Things are wonderful for Fontane: a happy marriage, a beautiful young daughter and a terrific recording career.   He had just wrapped a rehearsal session at NBC and was headed home on the afternoon of Sept. 3, 1957, when he was blindsided by another car.  One of those who happened upon the accident scene reached in the driver’s side window of his totaled car and felt for his pulse, couldn’t find one and declared him dead.  The passerby was wrong.  It took the Los Angeles Fire Department rescue team over two hours to remove Fontane from the twisted wreckage.

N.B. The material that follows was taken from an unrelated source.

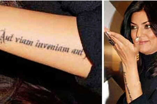 A woman of substance, Sushmita Sen is a name one reckons for an inspiring persona’. This former miss universe has 4 philosophically inked tattoos of which one is Bollywood actress and former Miss Universe, Sushmita Sen’s life is a lesson in inspiration. Her four known tattoos are a symbol of her trailblazing philosophy, one of them being ‘Aut viam inveniam aut faciam‘; meaning ‘I’ll either find a way or make one’.
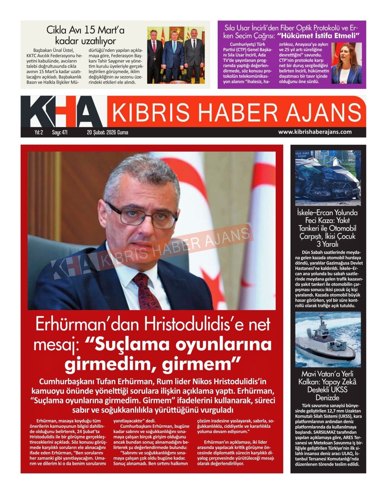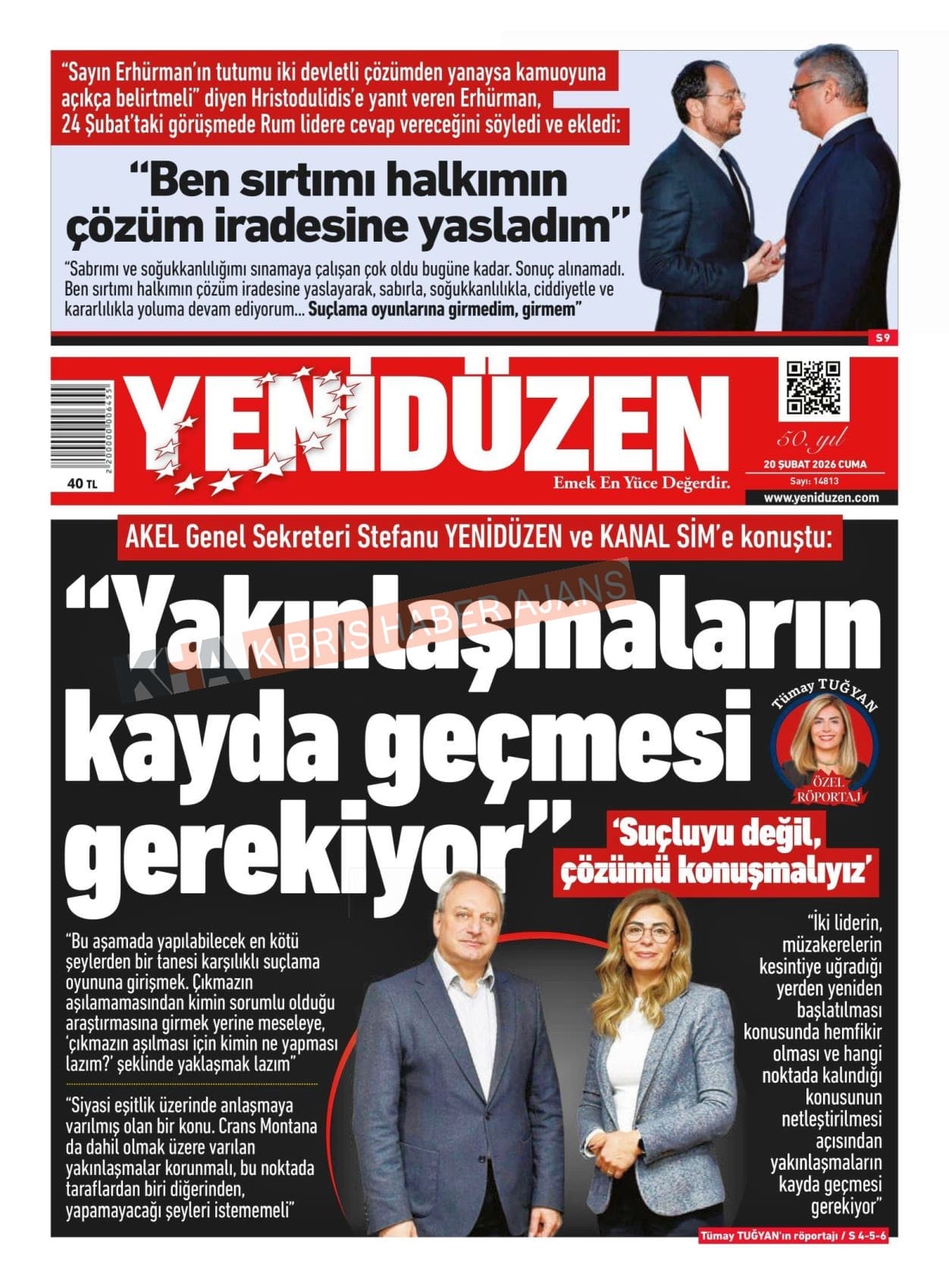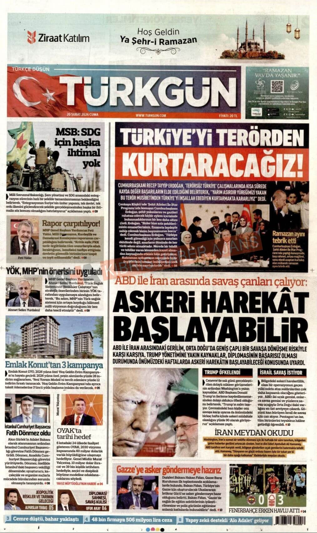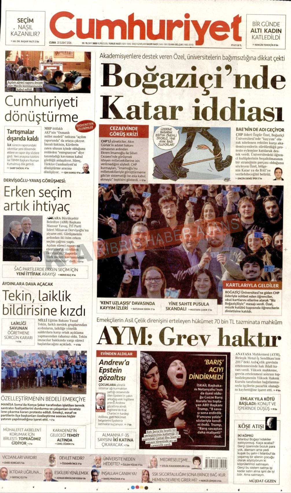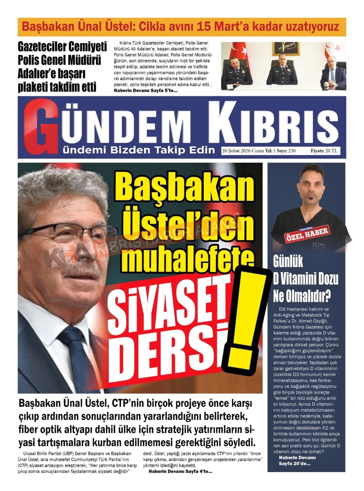 KKTC-TC Gazetelerinde Bugün (20 ŞUBAT 2026)

@dvdblurayreport, Ralph Tribbey, DVD & Blu-ray Release Report
He had two broken legs, a crushed chest and a severe head injury (that’s just for starters).  Fontane is in a coma for 30 days and it is during this time that two events occur (echoed in Culberton’s book and played out in the 1963 Christian-themed biopic, The Tony Fontane Story).   


The first of these was with Kerry, at his bedside, she prays to God for his forgiveness, asks for her husband to return to her and promises to give her life to Jesus Christ.  The second event is when Tony awakes from the coma and starts on his road to recovery, he says that he had a vision from God that he was going to have a second chance at life.   


He gave up his pop music career, which generated a lawsuit from the William Morris Agency, who represented him with Mercury Records.  Between the medical bills and the legal issues, Tony Fontane was essentially bankrupt.


Tony and Kerry Fontane then embarked on a new joint-career journey.  He devoted himself to Gospel music, with her constantly at his side.   At first it was a struggle, but by the early 1960s he was well-established in the field.  His venues were no long nightclubs and concert halls, but churches.   He died June 30, 1974, at the age of 47 from cancer.


On Nov. 26, 1996, Kerry Vaughn Fontane died in Nashville.   The stone-age Tulle was gone.